Dolphin Numbers Still Low Despite "Safe" Tuna Fishing, Experts Say
for National Geographic News
|March 26, 2007|
Spotted and spinner dolphin populations in the eastern tropical Pacific
Ocean have yet to recover, despite nearly 20 years of friendlier tuna
fishing practices, researchers say.
But no one is quite sure why the dolphins are having a hard time bouncing back. So a team of researchers regularly probes an 8.1-million-square-mile (21-million-square-kilometer) swath of the remote ocean for clues.
As part of the Stenella Abundance Research Project, the team counts dolphins as well as seabirds, fish, turtles, and squid. It also measures water temperature and salinity and maps the ocean currents.
"You can't count dolphins in a vacuum," said Lisa Ballance, a marine ecologist with the National Oceanic and Atmospheric Administration (NOAA) and chief scientist for the research voyages.
"If you see a change in abundance over time, you need to know why that change is occurring," she added.
The surveys, which started in the 1970s, currently go out every three years to survey the ecosystem. The most recent outing returned last December.
Tuna fisheries in the eastern tropical Pacific killed millions of dolphins in the 1950s, '60s, and '70s, Ballance said.
"It's a relatively unique and prevalent phenomenon that in the eastern tropical Pacific, large schools of big-bodied yellowfin tuna are found in the same aggregation with spotted and spinner dolphins," she said.
The tuna and dolphins both chase smaller fish to the ocean's surface, which in turn attracts seabirds.
"This whole assemblage gets together and essentially serves as a very highly visual signal that indicates the location of a school of yellowfin tuna," she said (see a photo of yellowfin tuna).
Tuna fishers learned to use this visual signal as a cue to launch speedboats to round up the dolphins—and the tuna around them—in purse seine nets.
The technique yielded tons of tuna, Ballance said, but proved lethal to the dolphins.
By the late 1970s, scientists estimate, the region's spinner and spotted populations had declined to approximately a quarter of what they had been before fishers started using this technique.
Since then the tuna industry has adopted new fishing methods that have reduced incidental dolphin mortality to nearly zero. But the dolphin populations have yet to make a comeback.

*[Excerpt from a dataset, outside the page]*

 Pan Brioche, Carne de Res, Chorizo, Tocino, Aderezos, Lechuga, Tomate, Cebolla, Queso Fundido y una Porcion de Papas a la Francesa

"We're pursuing a number of hypotheses that might explain why the dolphin populations are not recovering, but right now we don't know the answer," Ballance said.

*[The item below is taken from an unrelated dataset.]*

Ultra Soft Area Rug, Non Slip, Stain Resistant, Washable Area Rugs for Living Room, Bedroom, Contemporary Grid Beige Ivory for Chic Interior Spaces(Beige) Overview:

Carl Safina is a marine scientist who is co-founder and president of the conservation advocacy group Blue Ocean Institute based in New York State.
He joined NOAA's 2006 research trip during its leg off the coast of Central America.
He said ongoing tuna fishing, despite today's low dolphin mortality, is still the cause of the marine mammals' low numbers.
The new fishing techniques still involve chasing the dolphins in speedboats, he said. The fishers just use nets that allow the dolphins to escape once the tuna are caught.
"Before you can set a net around dolphins, you have to chase them until basically they are too exhausted to keep running, and they run very hard when the boat starts chasing them," he said.
"And so the leading hypothesis is that [females] lose their babies during those chases," he said.
Researchers report that they have seen lactating mothers in the nets but so far no babies, indicating that the youngsters are left behind during the chase. If they can't reunite with their mothers, they most likely die (related video: "How Baby Dolphins Learn the Secrets of Survival").
But more and stronger evidence is required to confirm this hypothesis, Safina noted.
According to Ballance, other hypotheses include insufficient time for the dolphins to recover and a biological effect stemming from ongoing changes in the ocean environment.
"What we really need to do is to tease out fisheries' effects from other effects, and that is the reason why we conduct ecosystem studies," she said.
The spin-off from this "ecosystem approach" to studying dolphin abundance is an opportunity to learn more about a remote ocean region, Ballance noted.
For example, she has learned that the Parkinson's petrel, which breeds on New Zealand, flies to the eastern tropical Pacific to feed on chunks of fish left in the wake of two rare porpoise species.
"That's a pretty academic piece of information about a rare species of seabird, but it's very exciting and interesting that you get insight into what these birds are doing when they are off their breeding colonies," she said.
Safina, of the Blue Ocean Institute, noted that most seabirds in the tropics rely on tuna and dolphins to chase prey to the water's surface. Overfished tuna stocks, he said, could result in less food for seabirds.
But it could also result in more food, because there are fewer tuna eating the smaller fish, he added.
"There are relationships between and among the different organisms that are out there," Safina continued.
Studying those relationships is important, whether they are "of commercial interest or moral and aesthetic interest or scientific or intellectual interest."